=== The problem ===
Word for word, return the lines below from the first through the line that has "RENAULT TRUCKS Trucks D WIDE P6*2 320 CNG", dropping the pictures.

Extracted data entries
↓
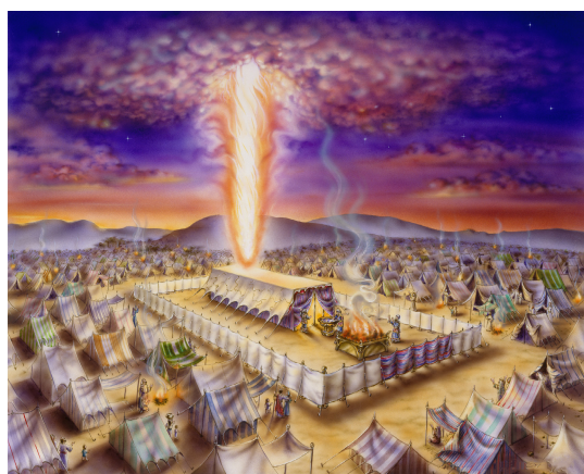
Numeri 1 – Ruben-5; Simeon-7; Iuda-6; Isahar-9; Zabulon-1; Efraim-12; Manase-11; Beniamin-2; Dan-10; Așer-3; Gad-8; Neftali-4.
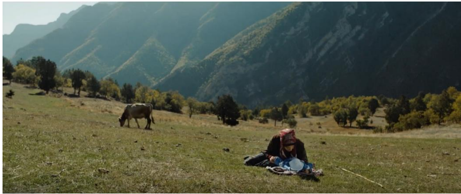
Görsel 16 Reyhan, rahatlatıcı bir manzara eşliğinde çocuğu Gökhan'ı seviyor.
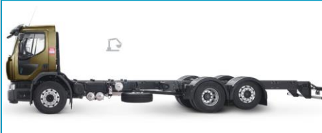
RENAULT TRUCKS Trucks D WIDE P6*2 320 CNG
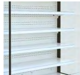
Quatre étagères de 36 cm de profondeur.
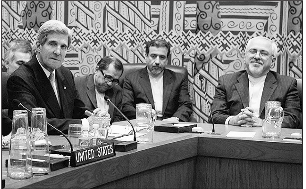
El Secretario de Estado de EE.UU., John Kerry, negociando con el canciller y otros funcionarios de Irán. Cristina Kirchner cambió al compás del giro político norteamericano.

de 2013 que se proponía con Irán, vía el llamado memorando. El gobierno lo fundamentaba como una “búsqueda de la verdad” y porque “evitaría” nuevos atentados. El gobierno ubicaba ese giro como “antiimperialista” y hoy así se quieren mostrar para contrarrestar la acusación de Nisman. Pero nunca hubo una postura antiimperialista. Porque en realidad el que hizo el giro hacia negociar con Irán fueron Obama y los EE.UU., desde que fueron abandonando la postura del “garrote” de Bush para buscar llegar a un acuerdo. Es esta política la que está en curso aunque cuenta
↑
=== Answer box ===
Numeri 1 – Ruben-5; Simeon-7; Iuda-6; Isahar-9; Zabulon-1; Efraim-12; Manase-11; Beniamin-2; Dan-10; Așer-3; Gad-8; Neftali-4.
Görsel 16 Reyhan, rahatlatıcı bir manzara eşliğinde çocuğu Gökhan'ı seviyor.
RENAULT TRUCKS Trucks D WIDE P6*2 320 CNG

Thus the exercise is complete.